Oooft, those arms. Since Ubisoft unveiled her I’m certain there’s been many men and women dreaming of those incredible, muscular arms. I am of course talking about Assassin’s Creed Odyssey’s female protagonist Kassandra. A mercenary in Ancient Greece, both she and her brother Alexios are in peak physical condition, each of them a lean, mean, killing machine. Yet it’s Kassandra’s body that fascinates me. And not just because I’d love to be wrapped in those big, strong…well. Ahem.

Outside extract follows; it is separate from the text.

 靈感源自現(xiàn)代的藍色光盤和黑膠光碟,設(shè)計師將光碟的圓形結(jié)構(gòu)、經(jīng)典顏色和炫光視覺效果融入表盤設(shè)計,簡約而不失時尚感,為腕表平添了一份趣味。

You see Kassandra is a little bit different for a leading woman in a video game. Compared with most heroines she’s an outright anomaly. She doesn’t wear makeup, her hair is in tangles and her body is riddled with scars. Lara Croft might have gone through the wars in her recent reboot trilogy but she came away with no more than a dainty little scratch on her cheek. Kassandra has scars everywhere, big ones over her collarbone, on her arms but also dozens of little ones, several on her face. Her body looks lived in. She looks like she lives the life the game claims she does.

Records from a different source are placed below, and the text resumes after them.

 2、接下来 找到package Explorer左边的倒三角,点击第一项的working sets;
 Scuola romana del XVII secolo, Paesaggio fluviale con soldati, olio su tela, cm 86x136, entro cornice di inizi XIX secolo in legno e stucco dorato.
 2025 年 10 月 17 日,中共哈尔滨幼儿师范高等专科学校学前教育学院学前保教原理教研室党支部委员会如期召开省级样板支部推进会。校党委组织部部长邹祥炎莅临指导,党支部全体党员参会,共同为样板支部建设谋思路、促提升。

See where even the baddest of badass women in gaming manage to maintain a strong feminine silhouette, Kassandra is, dare I say it, masculine. Those broad shoulders, lack of a pronounced chest, large hands and narrow hips…she’s not like most female game characters. Even the armour she wears is devoid of the usual “boob armour”. Instead Kassandra wears what the men do and wears it damn well. There’s a fantastic scene some way in where she must attend a symposium (aka a party) and can choose to wear a dress. In it, she looks firmly out of place and deeply uncomfortable. It reflects her life as an impoverished mercenary as much as anything but Kassandra also stands a good head taller than most of the women around her. Most of the men for that matter. She’s physically imposing in a way most video game women never get to be. For me, it was so affirming to see this tall, awkward woman at the forefront of a big budget title with the game itself seeming to acknowledge this facet of her physicality.